▶ _PROBLEM TO SOLVE_
Pictures are not part of the answer. Return the lines from the one containing "INSULATED SPORTS WATER" through the end of the data, both included, exactly as they appear.

Segment Start: STUDY MATERIAL

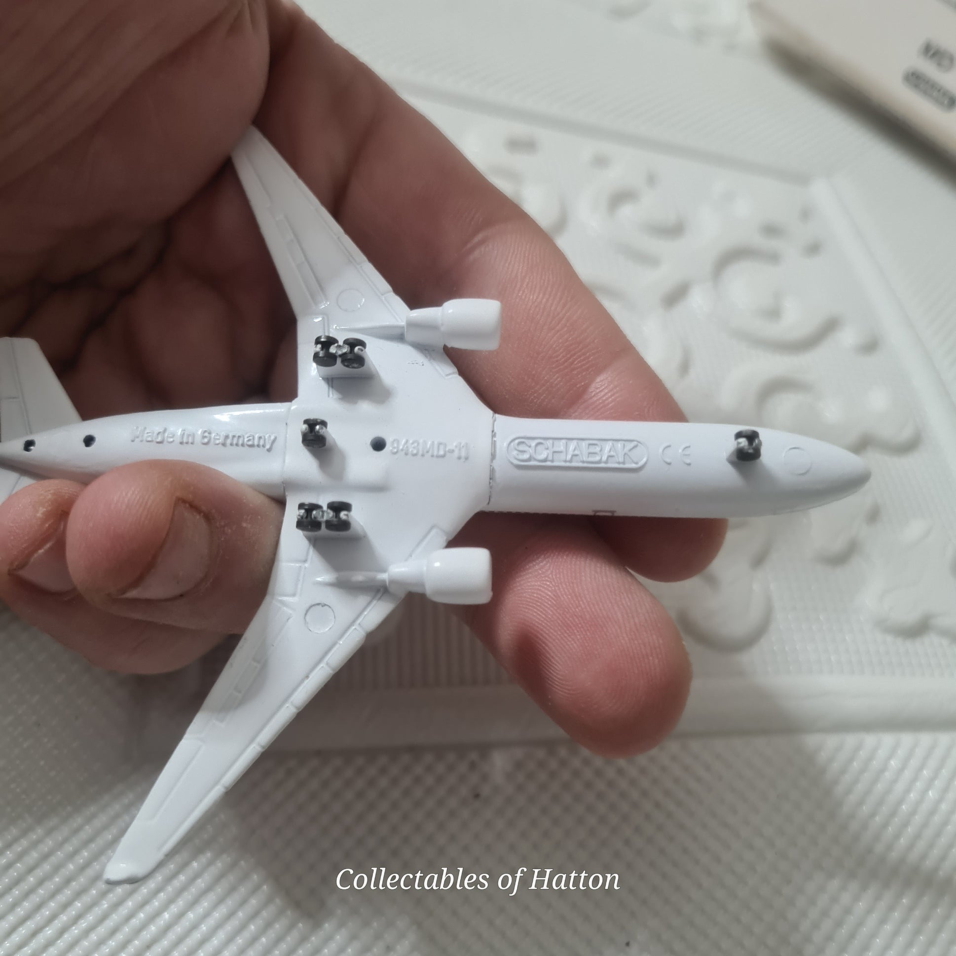 Schabak's 1:600 scale MD-11 diecast model captures Garuda Indonesia's iconic livery with impressive detail. This German-made collectible features authentic markings and comes in its original box, making it a treasured addition to any aviation enthusiast's collection. The precision engineering and vibrant paint scheme reflect the quality Schabak is known for. Perfect for display or as a gift for plane lovers and model collectors alike.
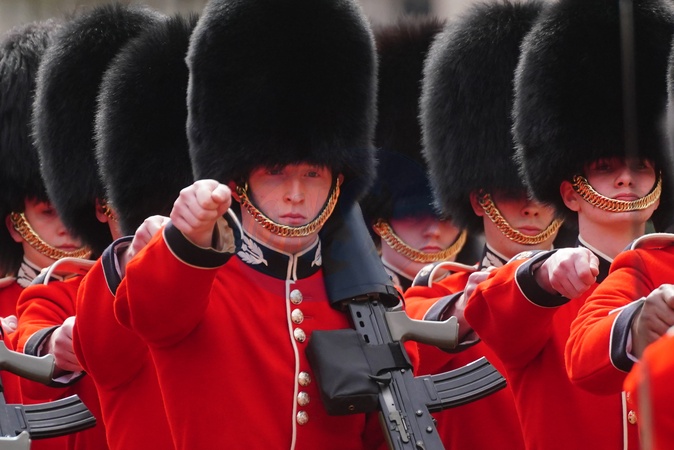 Guardsmen from the Scots Guards during the Changing of the Guard at Buckingham Palace, London, with France's Gendarmerie's Garde Republicaine taking part to commemorate the 120th anniversary of the Entente Cordiale - the historic diplomatic agreement between Britain and France which laid the groundwork for their collaboration in both world wars. France is the first non-Commonwealth country to take part in the Changing of the Guard ceremony at Buckingham Palace., Credit:Victoria Jones / Avalon
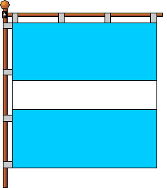 21 вересня 1995р. сесія міської ради затвердила хоругву: прямокутне полотнище з співвідношенням сторін 1:1, що складається з трьох горизонтальних смуг - синьої, білої та синьої (співвідношення 2:1:2). ![]() |
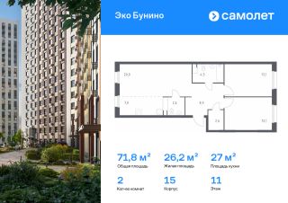 Строим кварталы для жизни с заботой о будущем. Предлагается 2-комнатная квартира комфорт-класса 71,8 кв.м в корпусе 15 на 11 этаже, в ЖК "Эко Бунино"
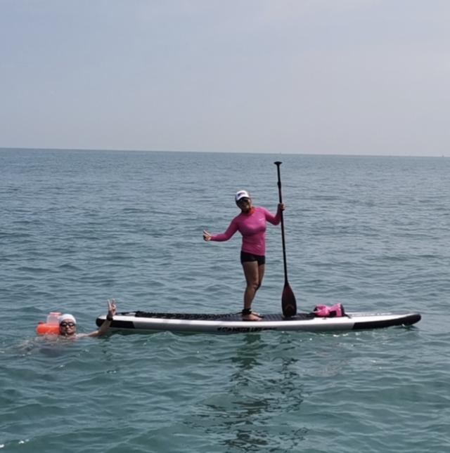 中流浪急,当齐心协力,劈波斩浪,奋力前行。为了确保安全,在大海中不迷失方向,队员们利用导航船进行保驾护航,确保顺利接力,成功游向彼岸。
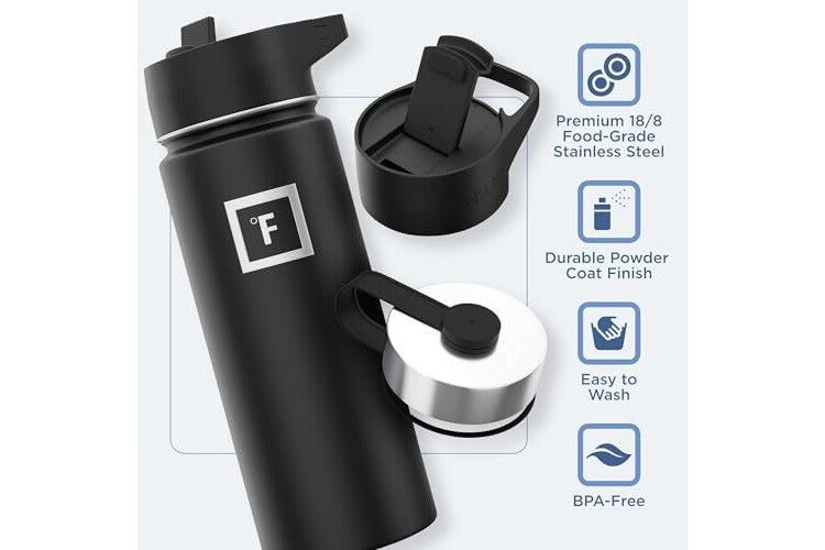 INSULATED SPORTS WATER BOTTLE: Goodbye sweat! The double wall insulation makes the Iron Flask sweat-free! It keeps your drink COLD for up to 24 hours, and HOT for up to 12 hours. *NOTE: ONLY the 14 Oz, 18 Oz, & 22 Oz fit in cupholders*
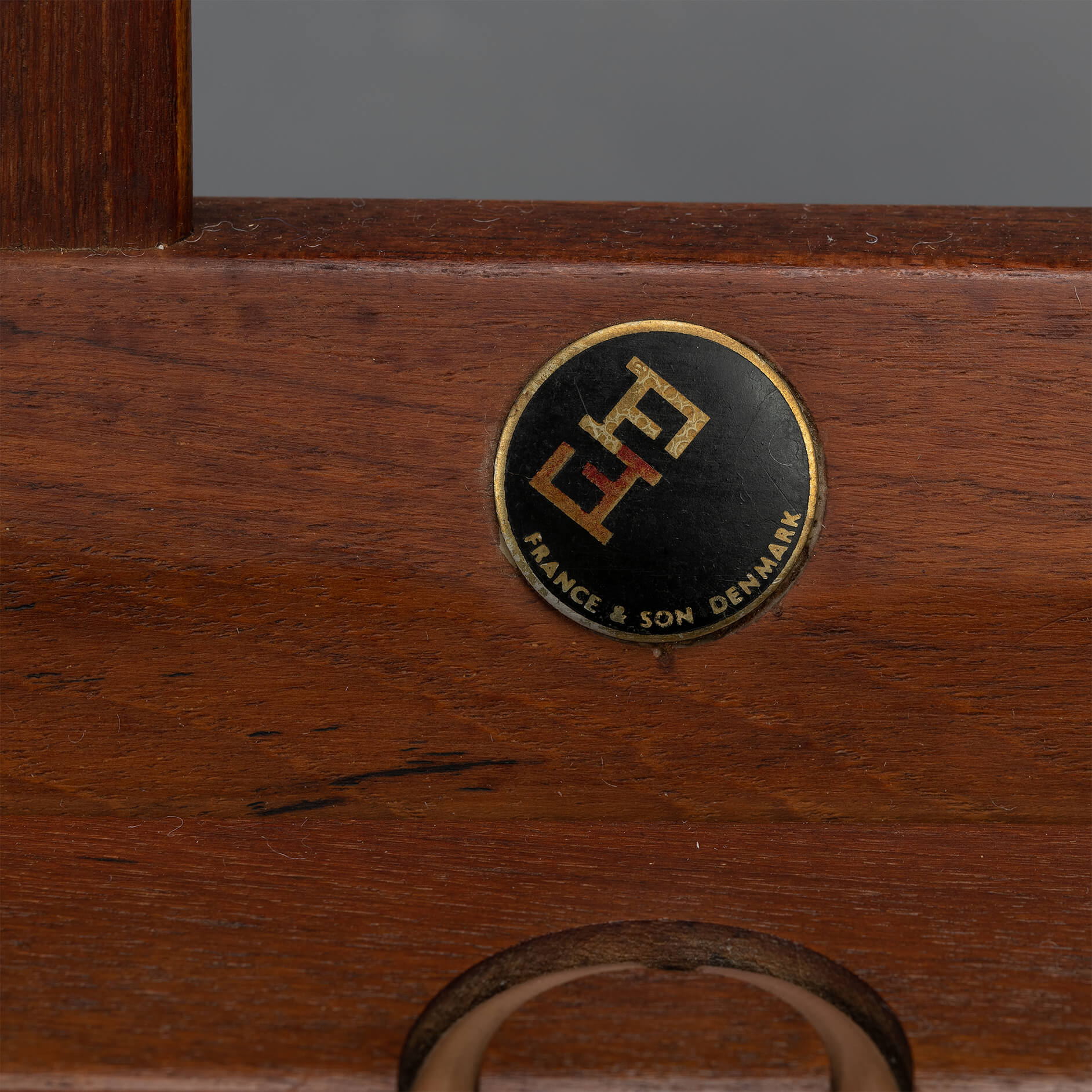 Deense design fauteuil van de beroemde Grete Jalk gemnaakt door France & Son in prachtige nieuwe bekleding. De kussens zijn volledig vervangen. De zitkussens zijn gemaakt van koudschuim HR45 8 cm dik. De rugkussens zijn gemaakt van polyether SG30 8cm dik. We hebben gekozen voor de Deense kwaliteitsstof Kvadrat Divina MD 713 in volledige overeenstemming met de originele bekleding zoals ontworpen door Jalk.
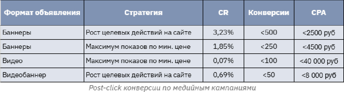 В качестве канала для генерации post-click конверсий даже на стратегиях, которые, по сути, не предназначены для этого, мы все равно получили, пусть и небольшой, объем целевых действий, но их CPA в несколько раз превышал CPA баннерных кампаний.
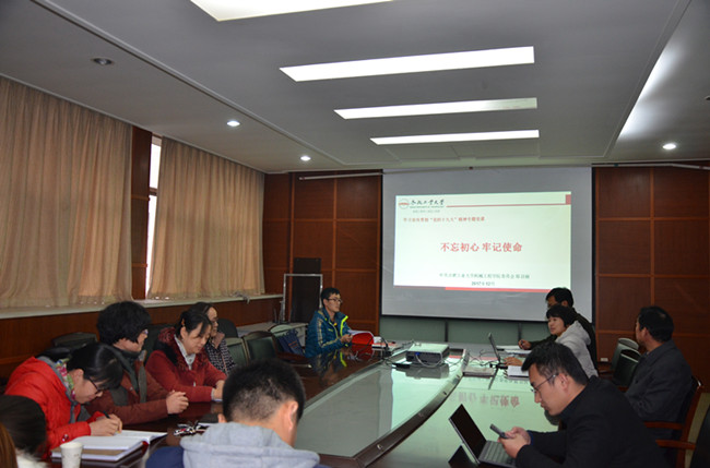 12月6日下午,机械工程学院机关党支部在格物楼308开展党的十九大精神专题学习会,院党委副书记、副院长郑召丽作了学习报告,机关党支部全体成员参加了本次学习会。

Segment End: STUDY MATERIAL

▶ _TASK OUTPUT_
 INSULATED SPORTS WATER BOTTLE: Goodbye sweat! The double wall insulation makes the Iron Flask sweat-free! It keeps your drink COLD for up to 24 hours, and HOT for up to 12 hours. *NOTE: ONLY the 14 Oz, 18 Oz, & 22 Oz fit in cupholders*
 Deense design fauteuil van de beroemde Grete Jalk gemnaakt door France & Son in prachtige nieuwe bekleding. De kussens zijn volledig vervangen. De zitkussens zijn gemaakt van koudschuim HR45 8 cm dik. De rugkussens zijn gemaakt van polyether SG30 8cm dik. We hebben gekozen voor de Deense kwaliteitsstof Kvadrat Divina MD 713 in volledige overeenstemming met de originele bekleding zoals ontworpen door Jalk.
 В качестве канала для генерации post-click конверсий даже на стратегиях, которые, по сути, не предназначены для этого, мы все равно получили, пусть и небольшой, объем целевых действий, но их CPA в несколько раз превышал CPA баннерных кампаний.
 12月6日下午,机械工程学院机关党支部在格物楼308开展党的十九大精神专题学习会,院党委副书记、副院长郑召丽作了学习报告,机关党支部全体成员参加了本次学习会。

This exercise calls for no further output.